My lunch had been a short and quick one. I'd ordered some chicken fried rice and after about ten minutes or so, I was out and about of the restaurant and slowly heading back to my room. What was I going to do? I didn't know if I really wanted to face Will one more time. The next time I'd see her face, the guilt inside me would only well over and that's something I didn't want to risk. She'd easily be able to see through me and demand to know what the problem was.
I had to get out of this. Determined, I made my way towards the elevator, clicking on the number 4, an area one level above where my room was. I'd have to stop this before Will figured out; just put an end to things with Robbie. I'm sure he'd understand, he said he did when the tears starting mixing in with the kisses back in the kitchen. He'd pulled away and said he'd give me time.
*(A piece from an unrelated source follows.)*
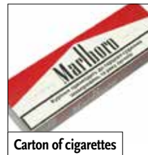
Carton of cigarettes

Making my way over to his room, I knocked on his door and bit on my lower lip; a little nervous as to the alternative way he could react when I told him. But before I could start worrying myself about that, the door opened.
"Alex." A look of surprise crossed his face when he saw me at his doorway. "What are you doing here?"
"If you're busy, I can leave."
"No, not at all." He took hold of my hand lightly and urged me into his room, closing the door behind him.
"I hope your roommate doesn't mind."
"I don't have one. I asked for a single room when I applied." He said with a smile, sitting down next to me on the bed. "So what's up?"
I took a deep breath and he watched me, patient. "It's...about. I don't want us to be together," I stated bluntly. The look on his face didn't change as he waited for me to go on, expecting more. "I can't do this to Will, and clearly cheating on her behind her back wasn't on my mind when we got together. So, we can only be friends."
"Why is that you care about her so much, not wanting to hurt her and just forget about me?" He asked softly, and I blinked away the guilty tears that started to pierce my eyes. I hated that question. "Why can't you break up with her and be with me? I can give you so much more. All I see between you and Will is a lust-driven relationship. You got together, after what about a week of knowing her and you think you're in love?"
He was right in so many ways about my relationship with Will and the truth about that is what hurt me. I looked away from his face, and down at my hands.
"But that's what this is about right? Once you go away from home and come to university; that's what happens. Meet a girl, fall in love, and then fall out of love thinking it was just a stupid crush, move on," when he said that, I knew he was referring to the both of us especially with the way he stroked the palm of my hand while he said it.
My blue eyes met his soft brown ones and he smiled at me. "So when I have the chance, I'll make it worthwhile, even if that means I won't have the girl at the end." He dropped his hand and stood up, creating some distance between us. "But I never expected to be the guy in between two girls, now that's just awkward," he muttered with a grin, easing up the atmosphere.
I felt my phone vibrate in my pocket and took it out, seeing a message from Will: Alex, do you want to join me for lunch? xxx I contemplated for a moment, wondering whether I should leave Robbie with this and go back to Will. But that would be wrong. If I did leave her for him, I'd hurt her, and if I left him for her, I'd hurt him. And I'd never really had such a meaningful conversation like this one with Will. That made me feel this moment with Robbie worthwhile. Sighing, I replied: Can't sorry. I'll see you later? xxx
Jamming the phone back into my pocket, I looked up at Robbie; observing him. I'd never really noticed how handsome he was but he had the lightest brown eyes I'd ever seen. With a tall and muscular structure, I know he was the kind of guy who liked to work out and keep fit and his tan complexion indicated he was a surfer. Robbie also had straight jet black hair till his shoulder, that curled up a little on the ends which I found a little cute. Shaking my head to myself internally, I snapped out of my thoughts and asked, "What now?"
Smiling lightly, he replied, "You decide."